There is no excuse for this. Especially from Stephen Chow who'd been working with CGI in his movies ever since at least Shaolin Soccer in 2001. This is amateur-hour here. How can you NOT make a mermaid sexy? You auditioned over 120,000 girls for the role, and you found a really cute one, and then you give her a slimy sea lion tail. Nooooo thank you. As a guy who grew up with a HUGE crush on Ariel, seeing Chow's digital abomination just made me die a little inside.
Was there anything good about it?
The only good things that I can think about in this movie were the two quick scenes that actually got a chuckle out of me: The time that the octopus man was hanging from the ceiling, and he turned away from the main mermaid in anger, then he slowly circles back to face her, then away again, then we see the fan he's hanging on has been turned on. I found that amusing.
And the police scene did actually make me laugh. This is when Xuan runs in to the police station to tell the cops that a mermaid just tried to kill him. They say, "A mermaid?" He says, "Yes! You know, half man, half fish!" And the policeman quickly draws a figure with the left half fish, and the right half man. Xuan yells at him, "No! Not left and right, top and bottom!" The policeman then draws a fish head on a pair of human legs with a dick dangling between them. Xuan says, "No! The human part is on top!" And so the policeman quickly turns the picture upside down... THAT shit was classic Chow, but it was the only bit of this 2 hour movie that reminded me of his apparently long-gone golden age.
What in the effin' hell did I just witness? Oh, China, that was just terrible. Is that really the best mermaid movie that you could muster? I mean, The Little Mermaid 2 was even better than this garbage. Your mermaid movie was like if somebody took my movie, made it have a baby with Mulan, and then took a diarhea dump all over it and called it a Picasso.

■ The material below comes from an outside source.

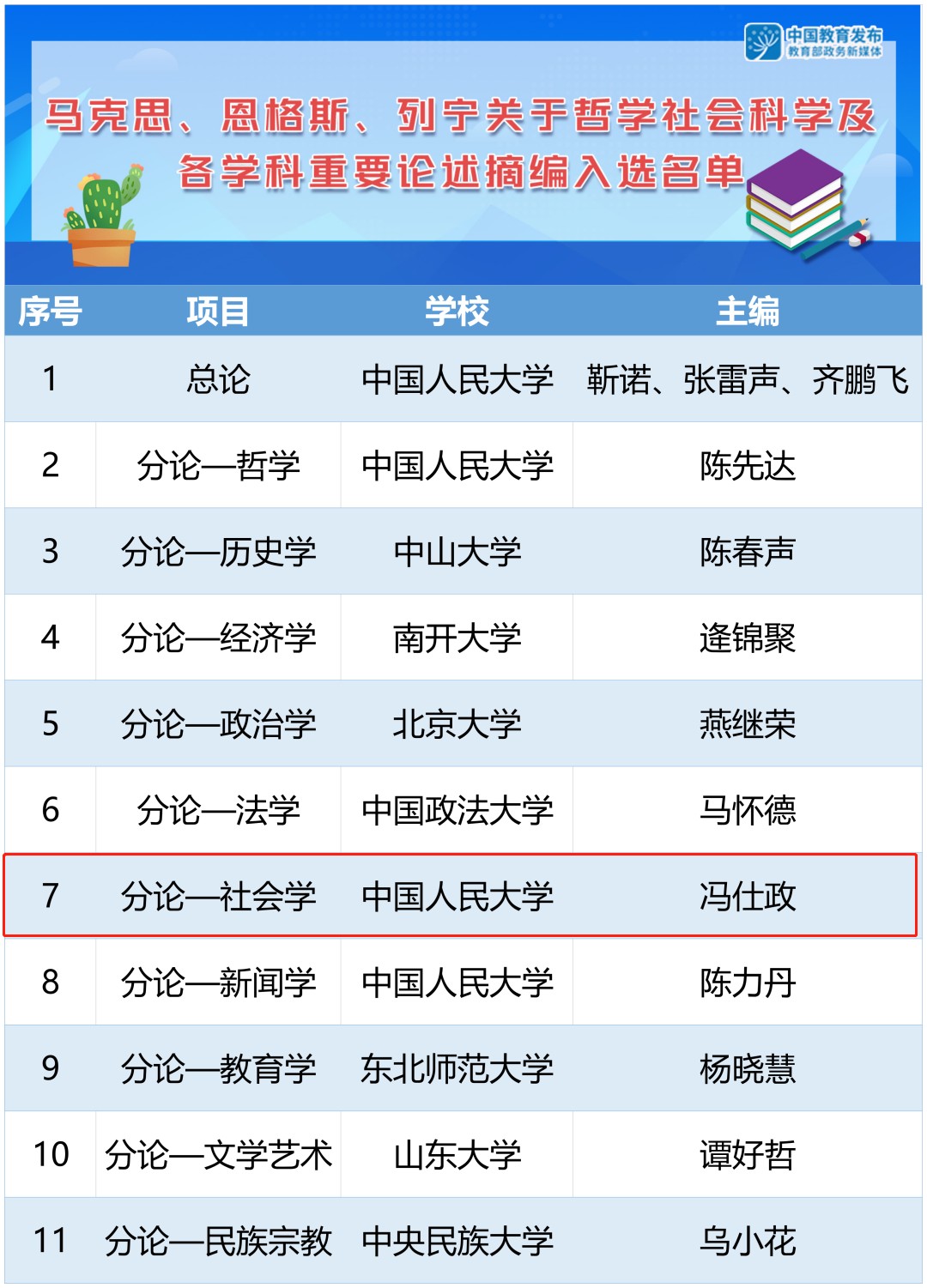 2022-02-24 文:黄色漫画 图:黄色漫画近日,国家教材委员会办公室公布马克思、恩格斯、列宁关于哲学社会科学及各学科重要论述摘编入选名单,论述摘编1个总论和10个分论,共有8所高校11个团队入选。黄色漫画 社会与人口学院冯仕政团队承担了社会学分论摘编任务。
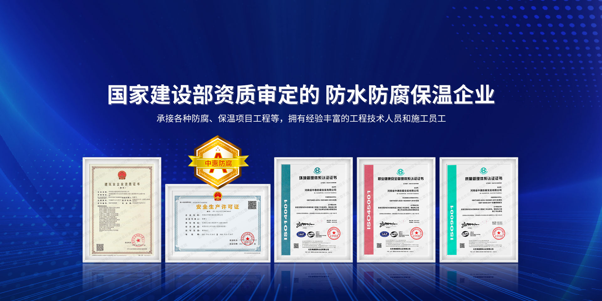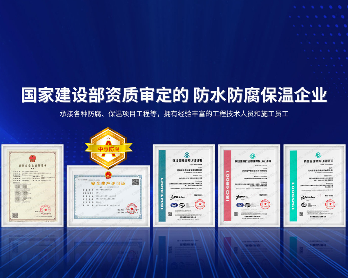公司經營范圍:防水防腐保溫工程;消防設施工程;建筑裝修裝飾工程;建筑機電安裝工程;電力工程;建筑工程;石油化工工程;工業清洗工程;油罐清洗工程;鋼結構工程;環保工程;模板腳手架工程;電纜防火封堵、防污閃噴涂、外墻外保溫工程;各類施工勞務作業;設備維修、船舶鉚焊、涂裝;電力工程材料、建材、防水材料、防火材料、防腐保溫材料銷售,并相繼通過了GB/T19001-2008idtISO9001:2008GB/T50430-2007質量管理體系認證證書。GB/T24001-2004idtISO14001:2004環境管理體系認證證書。GB/T28001-2011idtOHSAS18001:2007職業健康安全管理體系認證證書。公司是中國防腐蝕于防護協會、中國施工企業管理協會、電力協會和中國鋼結構防水協會會員單位。 公司的經營業務涵蓋了石油、化工、電力、冶金、煤炭、船舶、國防、燃氣、水利、環保、交通運輸、航空及國防軍工和輕紡市政等行業的防腐保溫絕熱設備。鋼結構安裝、防火、防水、金屬噴鍍、聚脲噴繪、陰極保護、防滲透堵漏、玻璃鋼及各種磚版材料襯里、橡膠襯里、煙氣硫和耐酸溶劑腐蝕等工程施工。公司連續十年榮獲“省市先進施工企業”“安全生產先進單位”“重合同,守信用企業”和“AA***資質企業”的稱號。2000年被命名為市級文明單位,2002年被國家工商行政管理局命名為“重合同,守信用的企業”、被中國工業防腐蝕技術協會命名為“防腐蝕企業,能源節約及環境保護領域有豐富的經驗和***的業績。工程一次交驗合格率100%。其中攀枝花鋼鐵公司煉鐵廠四號高爐及熱風爐防腐工程、上海寶鋼公司煤氣柜防腐工程、撫順石油一廠裝置防腐項目、齊魯石化公司稀烴廠高塔防腐工程、吉林化學工業公司煉油廠油罐防腐工程、天津石化熱電廠六號爐頂棚聯絡管保溫工程、大慶油田(太倉)力神泵業工程、中國化學工程第十一建設工程、中原油田勘探局工程、中國石化銷售有限公司華北分部、魯皖輸油管道工程、貴州開磷息烽合成氨工程、陜西黃陵煤化工程、中國石油天然氣西部管道塔里木輸油工程、邯鋼集團邯寶鋼鐵公司煉鐵工程、德州供電工程、吉寶(南通)船廠工程,偃師華潤熱力工程、鄭州熱力總公司。 河南省中惠防腐安裝有限公司愿以豐富的施工經驗,***的技術,***的設備,***的管理,***的服務,竭誠為國內外廣大的用戶提供***滿意、******的工程作品。 我公司愿與國內外同仁一道,團結協作,共同推進防腐蝕行業發展! 公司地址:河南省長垣縣建設路北段360號 固定電話:0373-8866488 郵編:453400 網址:http://www_zhff_com_cn.genuoya.com

Honestly, this means war to me. China has disrespected "the mermaid." I think we should shut down Hong Kong Disneyland and start an embargo of all Disney merchandise.... Oh damn, that would never work. They'd just produce even more bootleg stuff. Damn it! You win this round, China.
Well this is a first! This is the first time that I can remember that I saw a movie with creatures that God seemed to dare me to recreate in my lab, but the movie in question was so bad that I didn't jump to super-science surgery or genetic manipulation to create my own version of the magical beasts in question solely because I wanted to get the movie and bad computer effects out of my mind as quickly as possible.
This may call for self-induced electro-shock therapy.
If you don't hear from me in a week, I probably died due to brain electrocution, and am happier for it, knowing I'll never have to think about this bad movie ever again.